A Texas cattle rancher this week stumbled upon nearly 5,500 marijuana plants with a street value of $2 million growing on land he had just leased from the U.S. Army Corps of Engineers.

Now if this were a movie, the story would go something like this:

The rancher, a cash-strapped but honest man with a pretty wife and an ailing child, collects the plants and—in a tragic choice that would lead to fatal consequences—makes a deal to sell them to his wacky and slightly shady old Army buddy to raise money to pay for his child's operation. But after the deal is made and the rancher gets the cash, everything goes south as the owners of the illegal growing operation (Note: Let's give them some sort of stereotypical border-themed organized crime syndicate name, like, say, "The Juarez Cartel." Yeah, that's a good one…), the cunning "Juarez Cartel," shoot and kill the Army buddy and kidnap the rancher's wife and ailing child, threatening to kill them if the rancher doesn't turn over the money. The now-angry rancher (Note: Chuck Norris is too damn old. Can Dolph Lundgren do a Texas accent? Can he at least fake a Southern accent?…) doesn't like being pushed around by drug thugs on his own land, so he leads them off into the hills to pick them off one by one in an ever-more-gory fashion. (Note: Sort of like "Crocodile Dundee II" except more blood, which reminds me - can Paul Hogan fake a Texas accent? This is clearly going straight to Hulu anyway so let's look into that…) But the two most dangerous members of the cartel—Alejandro and Pablo (Note: Just for shits and giggles let's make them brothers…)—are holding the rancher's pretty wife and ailing child in an old, abandoned house in the woods.

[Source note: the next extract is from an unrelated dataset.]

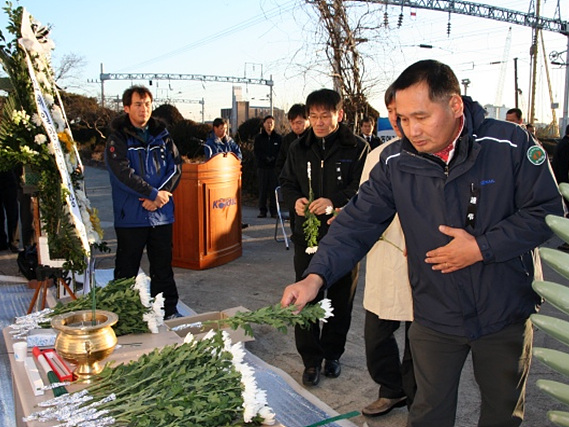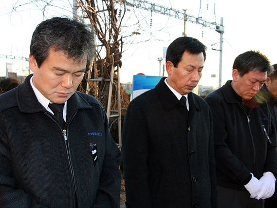 Á¶»ç¸¦ ¸ðµÎ ¸¶Ä¡°í Âü¼®ÀÚÀÇ ÇåȰ¡ ÁøÇàµÇ¾ú´Ù. öµµ³ëÁ¶ ȲÁ¤¿ì À§¿øÀå, öµµ°ø»ç ¹ÚÃá¼± Áö»çÀåÀ» ¼±µÎ·Î µ¿·áÁ÷¿ø, Á¶¹®°´µéÀÇ ³¡¾ø´Â Á¶¹®Çà·ÄÀÌ À̾îÁ³´Ù.

In a series of deus ex machina events, the rancher kills the Juarez brothers and rescues his wife and child but only after sacrificing himself in a fiery explosion. (Note: The rancher has to die, because the moral of all drug-related action melodramas is the wages of sin are death…) Flash forward a year to a scenic graveyard at sunset, where the rancher's pretty wife is shown placing a yellow rose (Note: That's the kind they have in Texas, right?) on her husband's headstone while the rancher's formerly ailing son—now healthy because the rancher managed to put the cash in a safe place before he blew himself and the bad guys up—stands by her side, and the audience can leave the theater confident that he will grow up to be a good, strong American like his tragic father. The camera pulls back to show the setting sun over the hills while the music swells. The end.

But, as the old song goes, this ain't the movies so the rancher just called the cops instead.

In other news, cannabis products are still safe, legal, plentiful, delicious and generating huge amounts of tax revenue in Colorado.